Start of Given entries

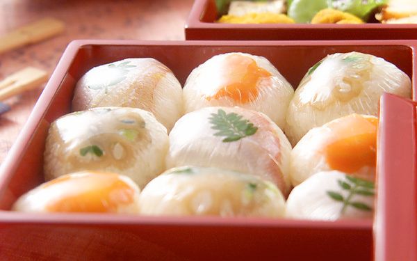 酸味と塩気が特徴の小鯛の笹づけを使った手まり寿司は、お正月のようなおめでたいときに最適です。市販品を使えば簡単に作れるのもポイント。淡いピンク色の鯛が上品で、目でも楽しめますよ。ラップで包み、重箱に詰めると見栄えがします。
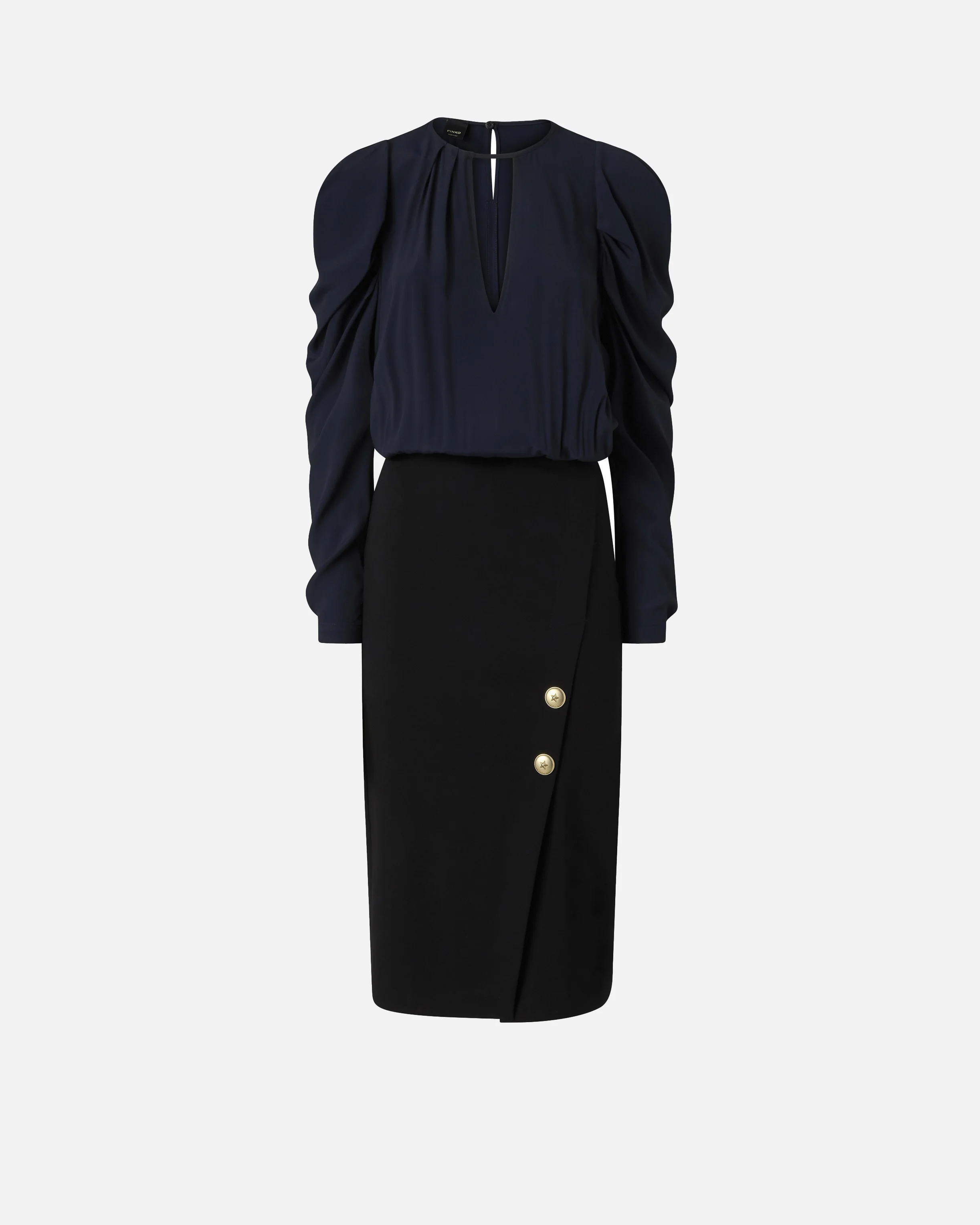 null − 105828A2U8ZE3 Calf-length dress with a pencil skirt, a crew-neck defined by a deep V-shaped opening on the front, and long draped sleeves completed by soft ribbons that tie on the cuffs. The garment features a bi-material construction, combining a fluid silk-blend fabric on the top, with a stretch technical viscose full Milano-knit fabric on the skirt. The front is also punctuated by metal star-decorated buttons. This fitted style is more cinched on the sides. Keyhole fastening on the back of the neck and a zip fastening at the side of the skirt. Perfect as an elegant outfit for special evenings out or for an everyday look where the dress code calls for sophistication. COMPOSITION 1° Outside Fabric: VISCOSE 67% POLYAMMIDE 28% POLYAMIDE 28% ELASTANE 5% - 2° Outside Fabric: ACETATE 69% SILK 31% - Lining: POLYESTER 100%
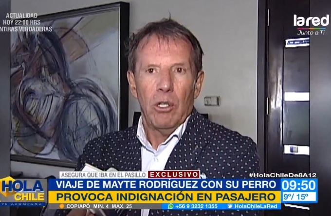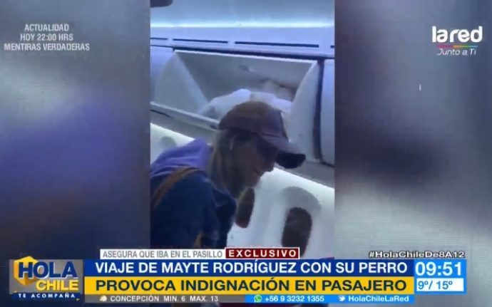 Uno de los pasajeros que iba en ese vuelo, Juan Carlos Cerda, acusó a Mayte de viajar con su mascota en la cabina sin caja de transporte. Según comentó en el matinal "Hola Chile", esta situación molestó a varios de los pasajeros del avión.
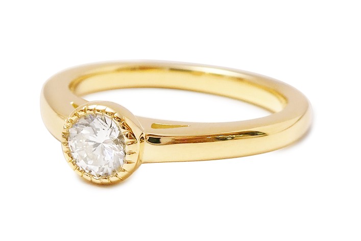 ミルグレインセッティングにも作り方が色々ありますが、当店が得意とするミル留めは、専用の工具を使用して一粒一粒手作業で地金を丸く仕立ててリモデルしていきます。石をセットしてから、石と地金のギリギリのところまでを強い力を加えて地金を丸くするには高い技術が必要になります。
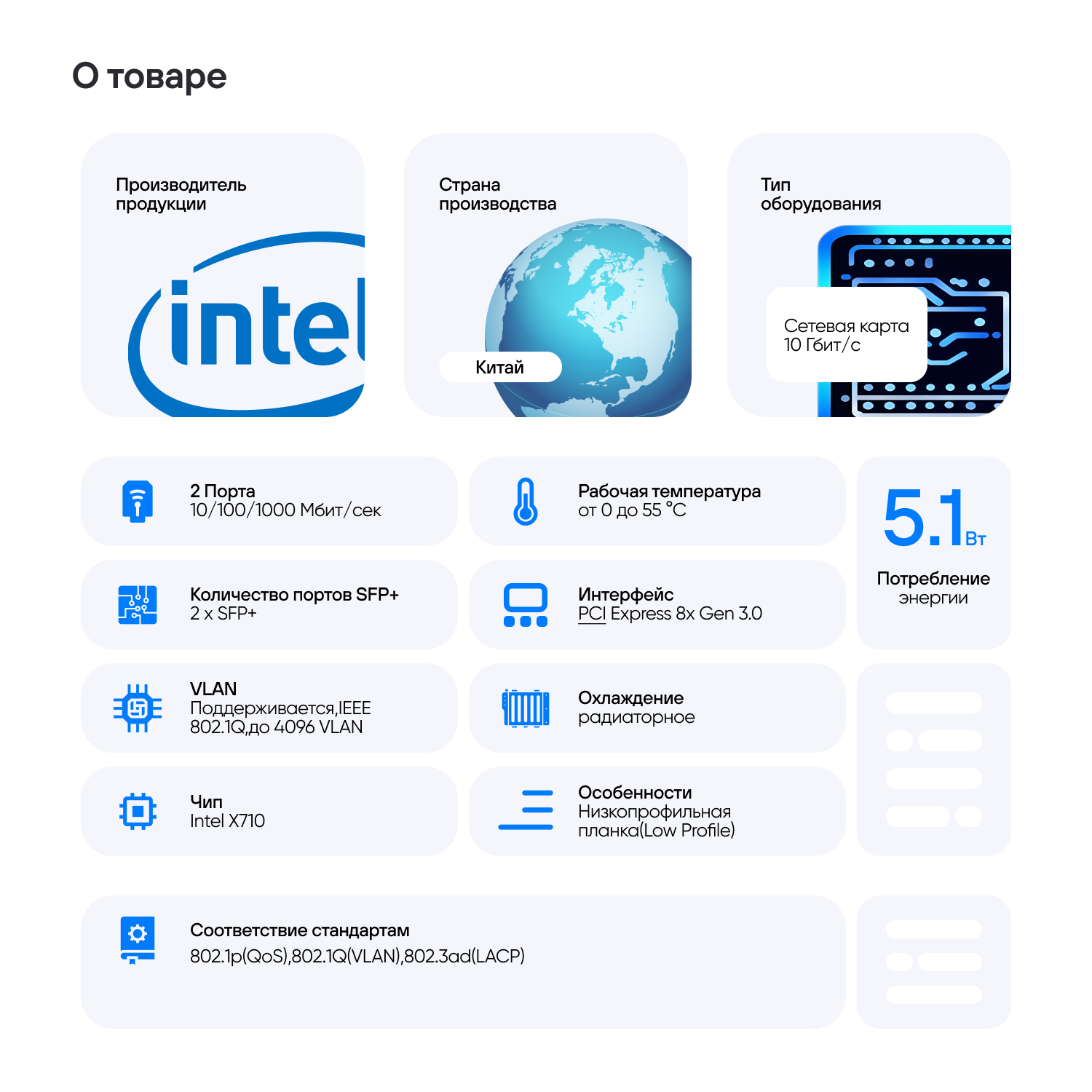 Построенная на гигабитном контроллере сетевая карта Intel , является следующим шагом в развитии сетевых функций GbE для сети и центра обработки данных предприятия. Встроенные системы QoS и управления трафиком, очереди устройств виртуальных машин VMDq, поддержка PCI-SIG SR-IOV.
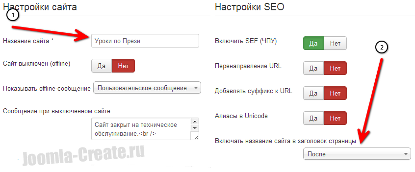 2. В настройках задаём два ключевых поля: "Название сайта" и "Включать название сайта в заголовок страницы".
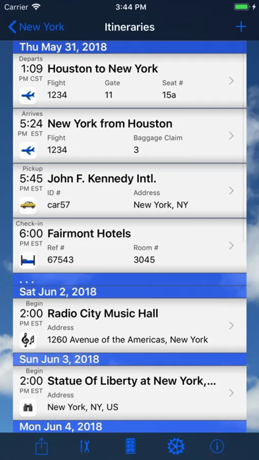 Track reservations, confirmation numbers, and appointments, eliminating a pile of printouts. Plan flights, trains, buses, and cruises. Keep dining reservations, car rental, hotel bookings, ground transportation and meeting plans.
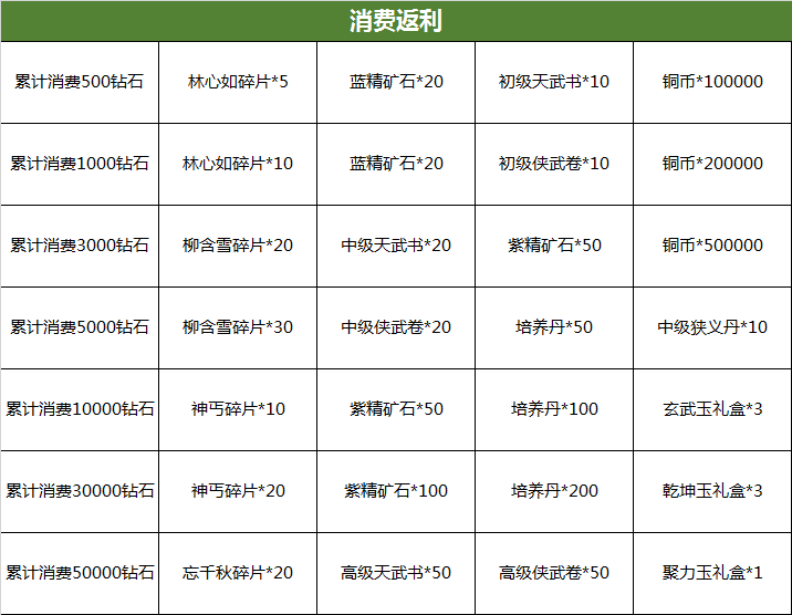 活动内容:累计消费钻石数(红蓝钻均计算在内)达到对应档次即送对应回馈福利,平均返还比高达30.8%

End of Given entries

Work order -
Leave every picture out, and transcribe the data above exactly as it reads.

Solution to the problem -
 酸味と塩気が特徴の小鯛の笹づけを使った手まり寿司は、お正月のようなおめでたいときに最適です。市販品を使えば簡単に作れるのもポイント。淡いピンク色の鯛が上品で、目でも楽しめますよ。ラップで包み、重箱に詰めると見栄えがします。
 null − 105828A2U8ZE3 Calf-length dress with a pencil skirt, a crew-neck defined by a deep V-shaped opening on the front, and long draped sleeves completed by soft ribbons that tie on the cuffs. The garment features a bi-material construction, combining a fluid silk-blend fabric on the top, with a stretch technical viscose full Milano-knit fabric on the skirt. The front is also punctuated by metal star-decorated buttons. This fitted style is more cinched on the sides. Keyhole fastening on the back of the neck and a zip fastening at the side of the skirt. Perfect as an elegant outfit for special evenings out or for an everyday look where the dress code calls for sophistication. COMPOSITION 1° Outside Fabric: VISCOSE 67% POLYAMMIDE 28% POLYAMIDE 28% ELASTANE 5% - 2° Outside Fabric: ACETATE 69% SILK 31% - Lining: POLYESTER 100%
 Uno de los pasajeros que iba en ese vuelo, Juan Carlos Cerda, acusó a Mayte de viajar con su mascota en la cabina sin caja de transporte. Según comentó en el matinal "Hola Chile", esta situación molestó a varios de los pasajeros del avión.
 ミルグレインセッティングにも作り方が色々ありますが、当店が得意とするミル留めは、専用の工具を使用して一粒一粒手作業で地金を丸く仕立ててリモデルしていきます。石をセットしてから、石と地金のギリギリのところまでを強い力を加えて地金を丸くするには高い技術が必要になります。
 Построенная на гигабитном контроллере сетевая карта Intel , является следующим шагом в развитии сетевых функций GbE для сети и центра обработки данных предприятия. Встроенные системы QoS и управления трафиком, очереди устройств виртуальных машин VMDq, поддержка PCI-SIG SR-IOV.
 2. В настройках задаём два ключевых поля: "Название сайта" и "Включать название сайта в заголовок страницы".
 Track reservations, confirmation numbers, and appointments, eliminating a pile of printouts. Plan flights, trains, buses, and cruises. Keep dining reservations, car rental, hotel bookings, ground transportation and meeting plans.
 活动内容:累计消费钻石数(红蓝钻均计算在内)达到对应档次即送对应回馈福利,平均返还比高达30.8%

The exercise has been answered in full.